Sara van de Geer is Professor of Statistics in the Department of Mathematics, ETH Zürich. Her work focuses on mathematical statistics, for example, theory for M-estimators in high/infinite dimensions, adaptation to unknown sparsity, semi-parametric theory, confidence sets in high-dimensional models, and concentration of measure for high-dimensional and nonparametric problems. She has (co-)authored four monographs, most recently lecture notes for the Saint-Flour Probability Summer School. She was a council member of the Swiss National Science Foundation 2007–2015, and is President of the Bernoulli Society 2015-2017. She is a Knight in the Order of Orange-Nassau, a member of the German Academy of Sciences Leopoldina, and a correspondent of the Dutch Royal Academy of Sciences. Sara’s three Wald Lectures will be given at the World Congress in Toronto, on July 12, 14 and 15.

High-dimensional statistics: a triptych

High-dimensional statistics concerns the situation where the number of parameters $p$ is (much) larger than the number of observations $n$. This is quite common nowadays, and it has led to the development of new statistical methodology. These lectures present a selected overview of mathematical theory for sparsity inducing methods.

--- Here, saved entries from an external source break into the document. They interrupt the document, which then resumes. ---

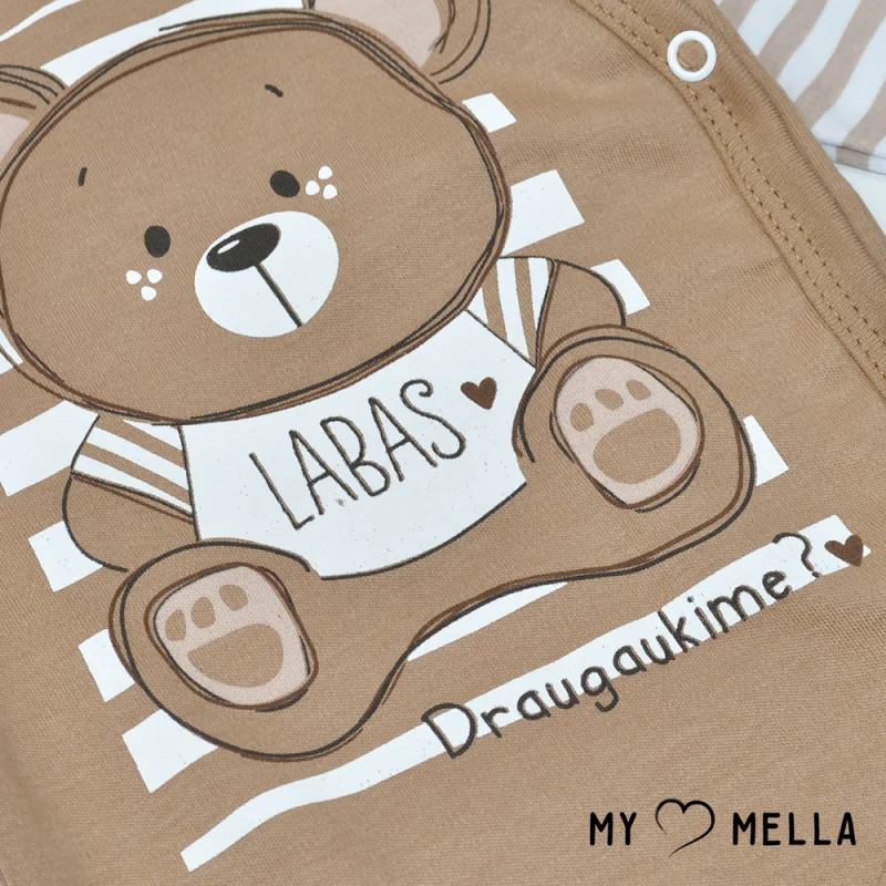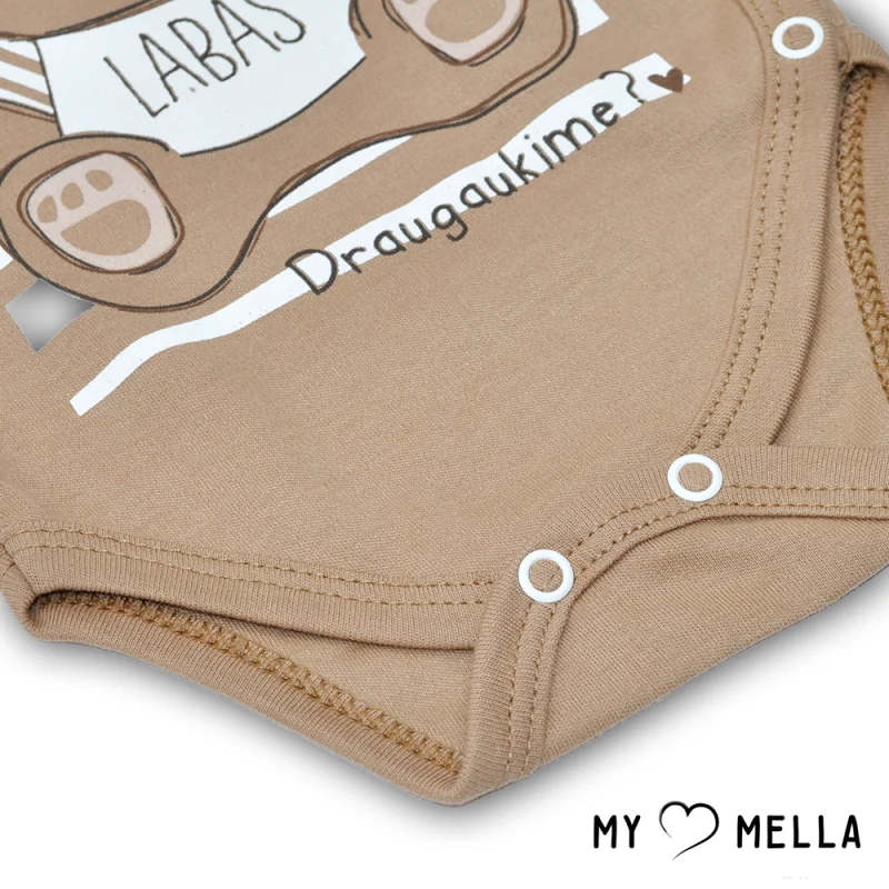 Spēlīgs un stilīgs bodijs zīdainim "Labdien".Saskaņots moderns dizains un tradīciju praktiskums.Īpaši mīksts kokvilnas bodijs, piemērots kā virsdrēbes vai miega apģērbs.Jūsu un mazuļa ērtībai ir sānu (kimono stila) aizdare – tas ir lielisks risinājums jaundzimušajiem.Var iegādāties šīs kolekcijas: kombinezonu, biksītes.Mazgāt 40 grādu temperatūrā.Izveidots Lietuvā!
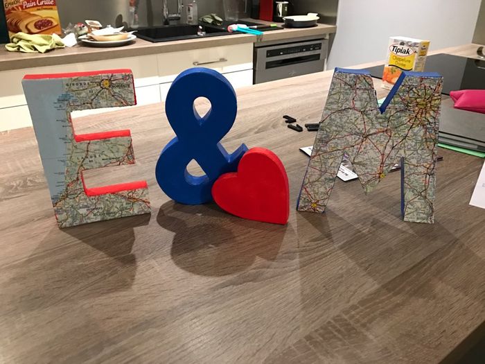 Aujourd'hui j'ai peint les lettres qui vont service de décoration. Elles seront à côté de la boîte à enveloppes !
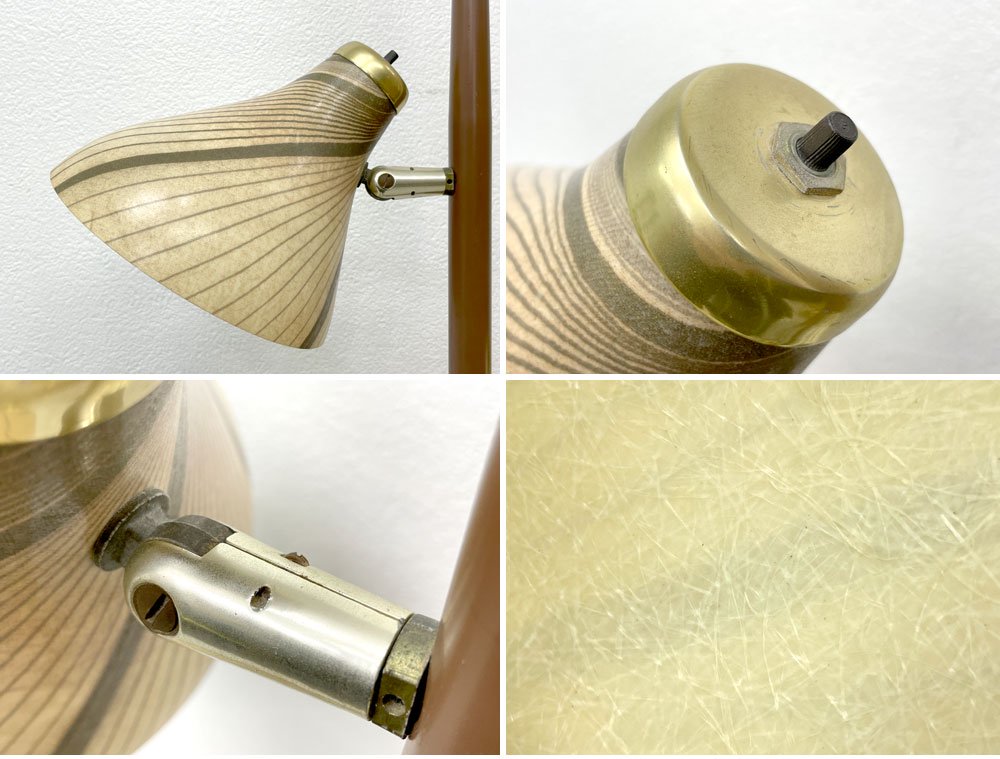 アメリカンミッドセンチュリーを色濃く感じるFRP製のシェードと、温もりあるブラウン色のスチール製の支柱、それらを引き締める真鍮色の金具で構成されたバランスの取れた美しい1台。

In the first lecture we will highlight the main ingredients for proving sharp oracle inequalities for regularized empirical risk minimizers. The regularization penalty will be taken to be a norm $Ω$ on $p$-dimensional Euclidean space. Important is that the norm $Ω$ is has a particular feature which we term the triangle property. We present as examples: the $ℓ_1$-norm, norms generated from cones, the sorted $ℓ_1$-norm, the nuclear norm for matrices and an extension to tensors. We then show sharp oracle inequalities for a broad class of loss functions.

The second lecture addresses the construction of asymptotic confidence intervals for parameters of interest. Here, we restrict ourselves to the linear and the graphical model. We prove asymptotic normality of de-biased estimators. We consider asymptotic lower bounds for the variance of an approximately unbiased estimator of a one-dimensional parameter as well as Le Cam-type lower bounds. We ascertain the approximate unbiasedness of the de-biased estimator under sparsity conditions and show that it reaches the lower bound.

In the third lecture, we examine the null space property for sparsity inducing norms. The null space property ensures exact recovery of certain sparsity patterns and is moreover a key ingredient for oracle results. We derive this property for the Gram matrix based on n copies of a $p$-dimensional random variable $X$, where we require moment conditions for finite dimensional projections of $X$ or the more general small ball property.

The lectures are based on joint work with Andreas Elsener, Jana Janková, Alan Muro and Benjamin Stucky.